Activist groups were organized in the United States and Israel, calling attention to her plight and pushing for her release. In the US, the group Women for Ida Nudel (WIN) appealed to elected women officials to press for her release, and was run by the Long Island based activist for Soviet Jewry Lynn Singer.

She was released on 20 March 1982, having been warned not to associate with any refuseniks or foreigners. After almost a year in constant movement as she wasn't allowed back to her flat in Moscow nor gain permit to live in any other place, she was permitted to live for five years in Bender, Moldova.

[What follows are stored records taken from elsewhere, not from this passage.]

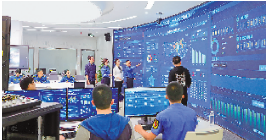
温州瓯海区行政执法统筹指挥中心,综合执法人员正在结合系统提供的AI综合分析报告进行研判处置。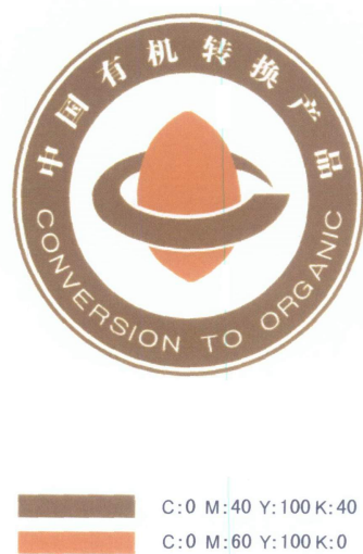
图 2 中国有机转换产品认证标志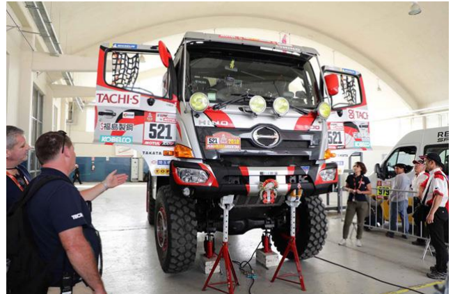
サスペンションストロークを計測される1号車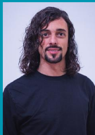
ÁLVARO GÓMEZ AUDIOVISUAIS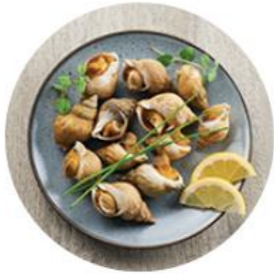
Acte 5 - Garantir une pêche responsable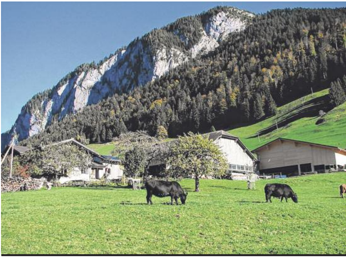
Vue de la ferme familiale et des deux stabulations avec, au premier plan, les bovins Aberdeen Angus.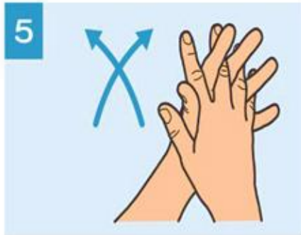
5 Frote las palmas de las manos con los dedos entrelazados.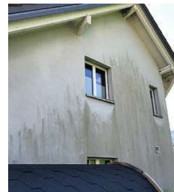
Putzfassade mit Grünalgenbefall.

Die Fachleute sprühen in einer ersten Phase das oberflächenschonende Pro-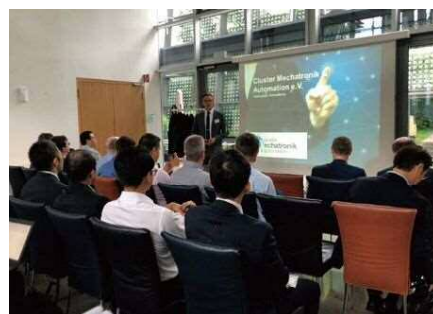
グローバル人材育成プログラム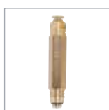
MG2C 型定量バルブ P. 34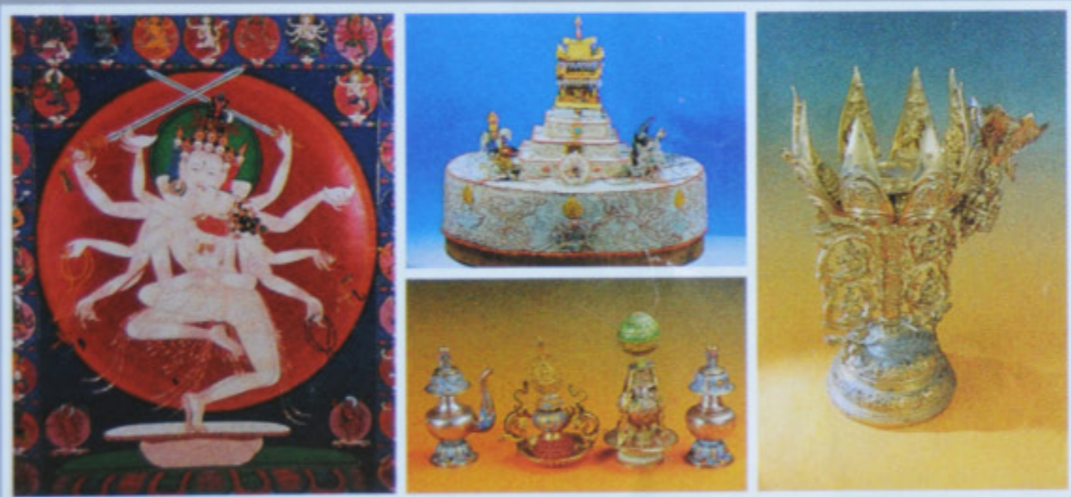
འཇམ་དཔལ་ལྷན་པོ་གསལ་བྱེད་པའི་ལྷོ་ལྷོ་གྲོ་ལོ་ བུ་བླ་ལྷན་པོ་གསལ་བྱེད་པའི་ལྷོ་ལྷོ་གྲོ་ལོ་ Potala Palace visiting souvenir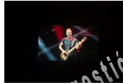
STING 2017 CONCIERTO DE STING EN FUENGIROLA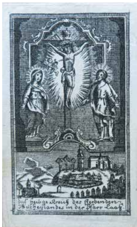
Sl. 3: Podobica s Križne gore, hrani NML (© SKL).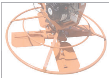
ใบขัด 4 ใบ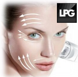
ENDERMOLOGIE® GESICHT UND KÖRPER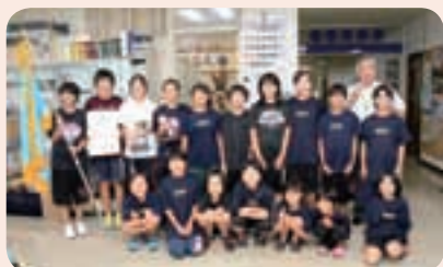
教育長に優勝を報告する団員たち

7月26日(土)～28日(月)、一関市で行われた東北電力旗第27回東北ミニバスケットボール大会岩手県大会で、雫石町ミニバスケットボールスポーツ少年団(女子)が見事初優勝しました。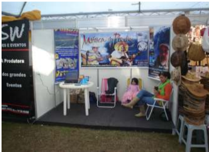
O Stand do Marisco foi bastante visitado.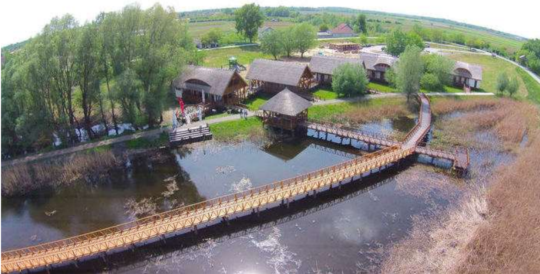
Slika 4. Park prirode Kopački rit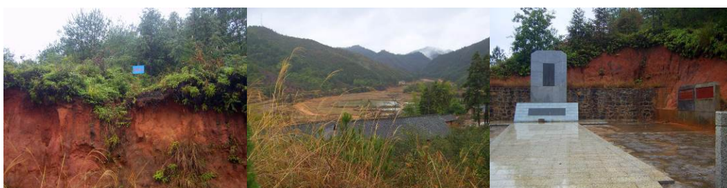
图4 红军长征突破第一道封锁线遗址

信丰县新田镇百石村是当年红军长征突破敌人第一道封锁线所在地，也是红军长征路上牺牲的第一位师长所在地，牺牲的洪超师长为彭德怀部的先遣部队，洪师长牺牲后就葬于百石村，“洪超烈士之墓”的碑名是由张震老将军题写的。在洪超墓不远处，有一条当时国民党军挖的战壕，长 500 米，深约 1.2 米，宽约 0.7 米。战壕如今虽长满了灌木、杂草，有的地方也已崩塌，但依然清晰可见，是当年国民党构筑封锁线，阻止红军长征最有力的历史见证。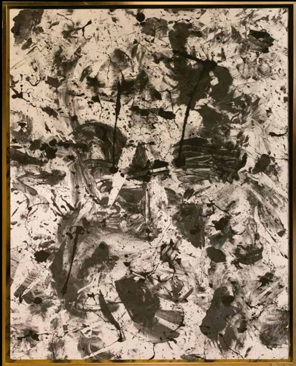
GOLDEN HOUR ACRILICO SOBRE TELA 120 CM. x 80 CM.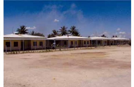
↑ Las cuatro casas-hogar

Con estas informaciones nos queda claro que la primera etapa del proyecto está yendo viento en popa; por eso, seguimos con el balance. Un segundo paso lo constituía el proyecto de reforestación de la parte del fondo de la finca, con el saneamiento del terreno y su nivelación, para hacerlo productivo. «Una buena alimentación es imprescindible para una buena salud. A eso ayudan los trabajos en la agropecuaria. En la parte agraria tenemos ya una buena extensión de huerta, cuyas primicias son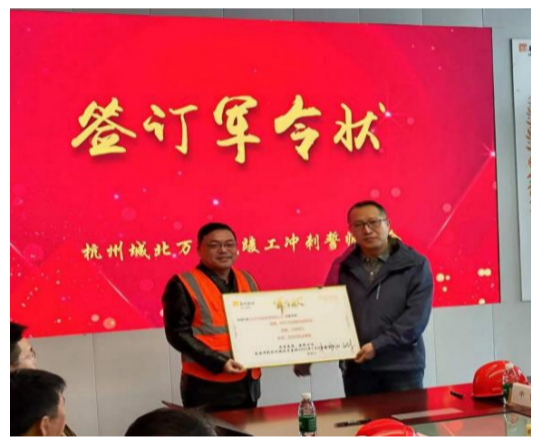
城北万象城竣工冲刺誓师大会,项目各参建单位签订军令状

目前该项目机电安装剩余工作量还有近 5000 万元,距离 7 月 8 日工程竣工备案完成时间节点只有 130 多天,工程体量大,时间紧,任务重,面对严峻的挑战,项目部春节期间不停工,节后劳动动力不断攀升,目前施工作业人员达 500 人,各工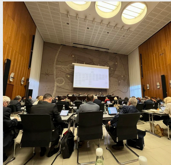
Zwei Tage der gemeinsamen Beratung im Bürgeraal

Nach zähem Ringen bei den Haushaltsberatungen haben wir den Haushalt letztlich mit gemischten Gefühlen verabschiedet. Wir haben immer noch ein Ausgabenproblem. In den nächsten Jahren müssen wir dringend weiter daran arbeiten, Aufgaben zu priorisieren und mit der entsprechenden Aufgabenkritik weitere Einsparungen diskutieren. Wir müssen uns von Aufgaben trennen, die nicht von einer Kommune getragen werden müssen.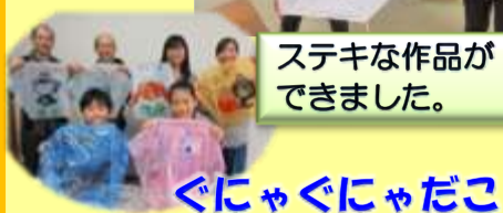
ぐにゃぐにゃだこ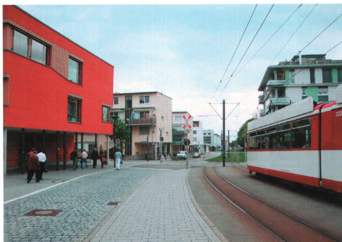
Vue sur l'entrée du quartier de Vauban, avec le tram qui relie l'écoquartier au centre-ville.

Qui sont-ils? Comment vivent-ils? Comme le relève Jürgen Hartwig (architecte-urbaniste, guide du quartier), «les premiers habitants, ceux qui ont dès le début occupé le site et qui se sont regroupés au sein de l'association Forum Vauban, sont convaincus des bienfaits de vivre dans un tel quartier». En tant que co-concepteurs du projet, ils partagent et portent les aspirations écologiques et communautaires à l'origine du projet. La majorité des quelque 5000 habitants actuels du quartier sont venus plus tard, avec les groupes de construction. Depuis 10 ans, leur arrivée s'est faite de manière progressive. Les nouveaux habitants se sont pour la plupart très bien intégrés au mode de vie de Vauban. Leur participation à la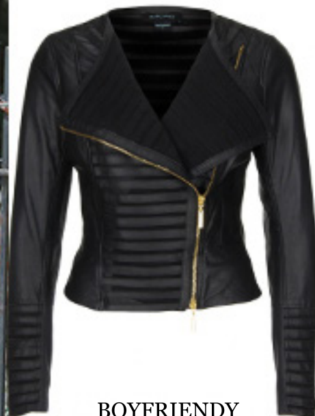
BOYFRIENDY ESCADA SPORT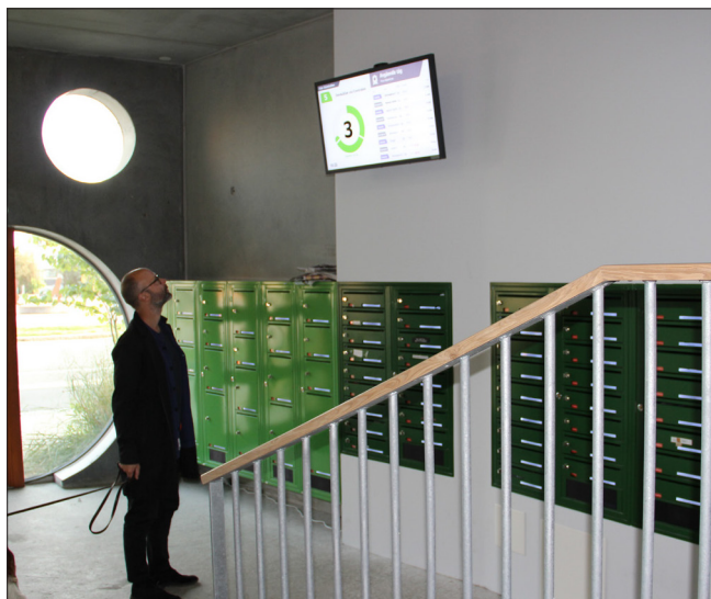
Realtidstavla med kollektivtrafikens avgångar.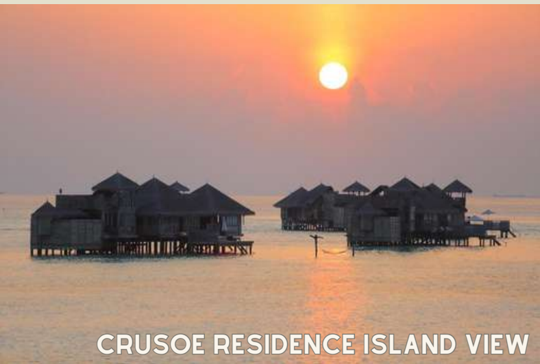
CRUSOE RESIDENCE ISLAND VIEW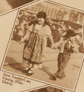
Zwei Tessinerli am Umzug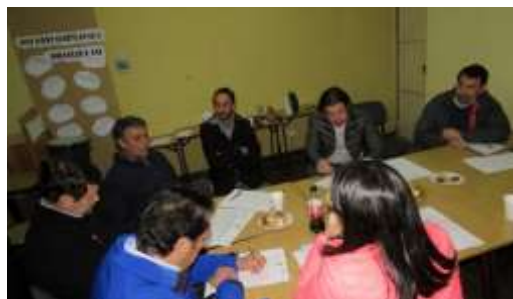
Reunión con Directorio Corporación Cultural de Romeral y Domando Ideas por diagnóstico PMC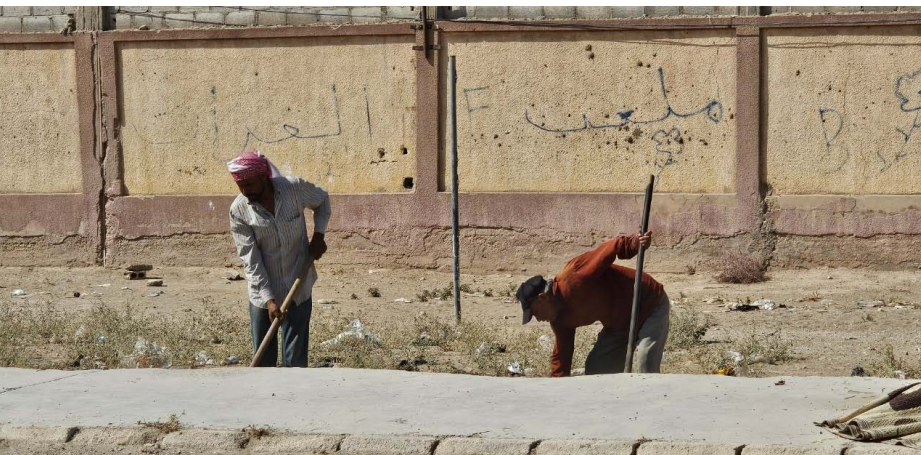
بين أبناء الحي بالعمل الجماعي وروح المنافسة الإيجابية.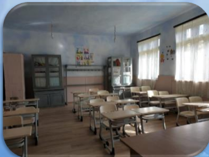
ȘCOALA PRIMARĂ, SAT LĂLEȘTI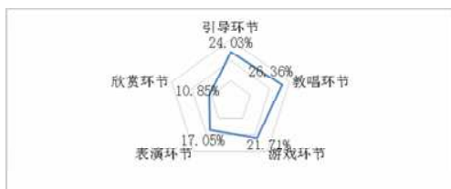
图1 幼儿园音乐教学活动设计侧重点调查

如图1所示,大部分幼儿教师在设计音乐教学活动时更加侧重于教唱环节,约占总调查人数的26.36%,与其数量相仿,有24.03%的幼儿教师在设计音乐教学活动时更加侧重于引导环节;其次是游戏环节与表演环节,分别占21.71%与17.05%,而在设计音乐教学活动时更加侧重于音乐欣赏环节的幼儿教师最少,仅占总人数的10.85%。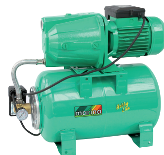
CAM 100/25 HL

P1 800 watt Q max. 50 l/min 1,4 ÷ 2,8 bar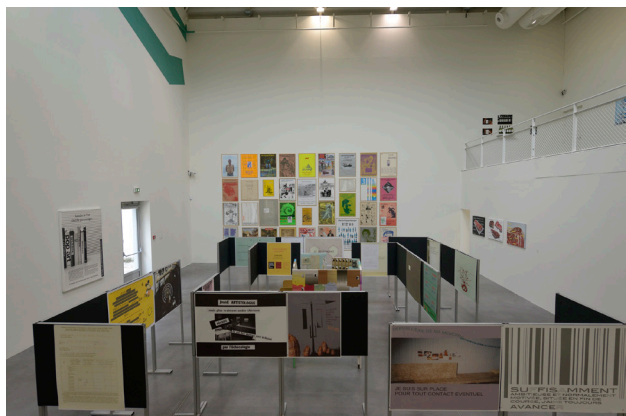
Exposition SOMMAIRE. Frac Poitou-Charente.

En 2013, le FRAC Poitou-Charentes et les Galeries Lafayette Angoulême se sont associés à l'occasion de l'anniversaire des 30 ans des FRAC en 2013. Une installation de l'artiste Heidi Wood avait ainsi été présentée dans une vitrine du magasin. En 2017, avec la présentation d'une œuvre d'Allen Ruppersberg, c'est un nouveau chapitre qu'écrivent ensemble les Galeries Lafayette et le FRAC Poitou-Charentes.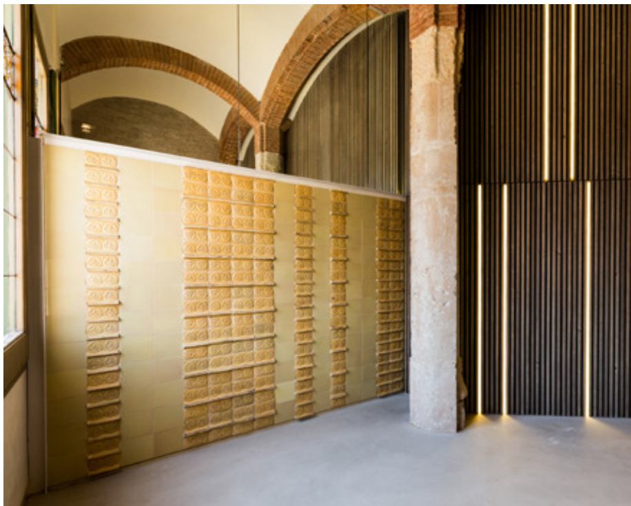
Restauración del Pabellón de Administración del recinto modernista de Sant Pau, de Joan Nogué.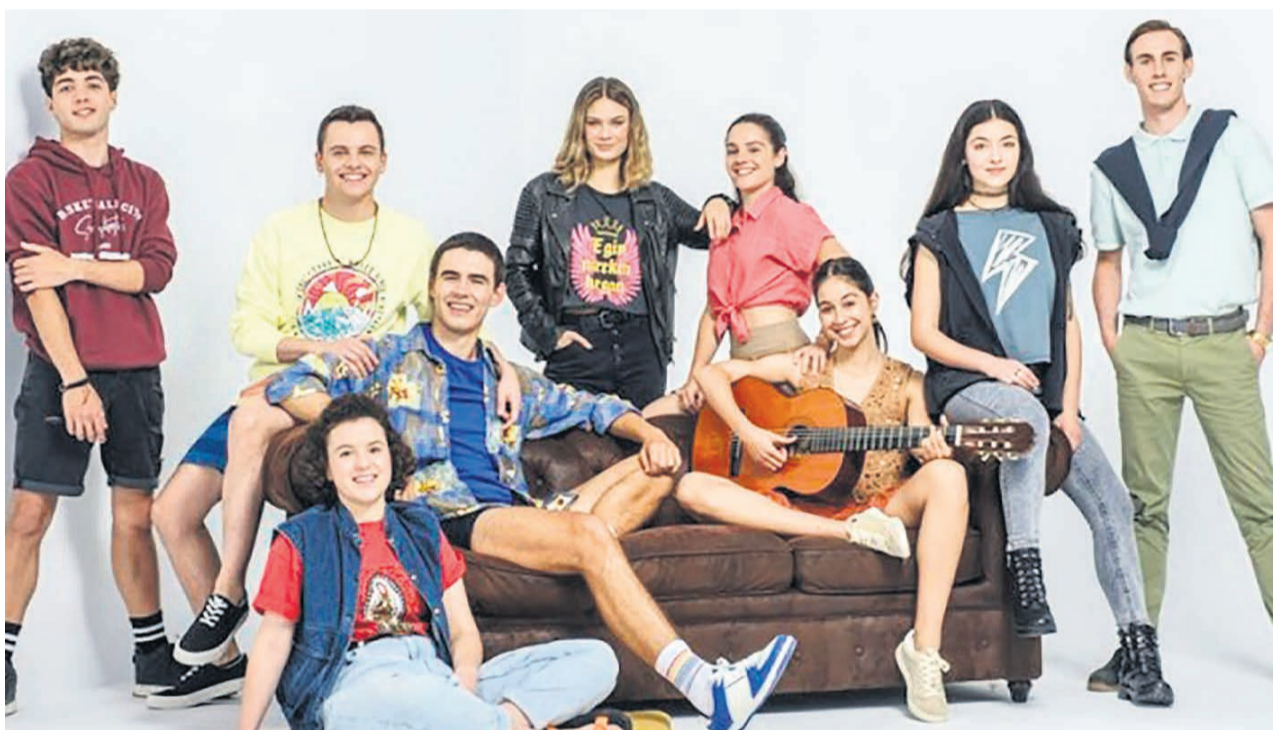
□ 'Go!azen 11' llega al Social Antzokia.

From 1973, her sister Elena Fridman fought to bring her to Israel, contacting world leaders for help. In April 1984, Jane Fonda visited her, a meeting arranged by political activist and publicist Stephen Rivers. The two became friends and Fonda launched a campaign for Nudel's release. Others involved in the campaign included Liv Ullmann, and Israeli President, Chaim Herzog, left an empty place at his Passover table in her honor. On 2 October 1987, she was informed she had been granted an exit visa.

==Immigration to Israel==
Nudel arrived in Israel on 15 October 1987. She was greeted at the Ben Gurion International Airport by Fonda, Israeli Prime Minister Yitzhak Shamir and Foreign Minister Shimon Peres as well as her sister and thousands of Israelis. She was granted an Israeli identity card and immigration papers, and had a brief telephone conversation with United States Secretary of State, George P. Shultz. The welcome ceremony was broadcast on Israeli television.

Nudel settled in Karmei Yosef, an agricultural community in the Judean foothills. She later wrote an autobiography, A Hand in the Darkness, which was translated into English by Stefani Hoffman in 1990. The movie Mosca Addio (Farewell Moscow) by Mauro Bolognini, starring Liv Ullmann, was a dramatized version of her ordeal. In 1991, she established "Mother to Mother", a nonprofit organization funded by donations from abroad, seeking to take the children of Russian immigrants off the streets and into after-school activities.

==Later life==
Nudel testified in the Jerusalem District Court in 2001 for Natan Sharansky during his libel suit against Yuli Nudelman. Nudelman had published a book claiming that Sharansky was a former KGB agent with connections to the Russian mafia. Four years later, she petitioned the Supreme Court of Israel to force Prime Minister Ariel Sharon to use any measures necessary to save the lives of fifteen jailed Palestinian collaborators facing execution, and spoke against Israel's upcoming disengagement plan from Gaza and part of the West Bank. She filed a petition to the High Court of Justice in 2007, demanding that Israeli Internal Security Minister, Avi Dichter withhold visitation rights from Hamas and Hezbollah prisoners in Israel, as long as the Red Cross was prevented from seeing kidnapped Israel Defense Forces soldiers Gilad Shalit, Eldad Regev and Ehud Goldwasser.
She relocated to Rehovot in 2008 in order to live closer to her sister.

Nudel died on 14 September 2021 at the age of 90. She was interred at Yarkon Cemetery in Tel Aviv.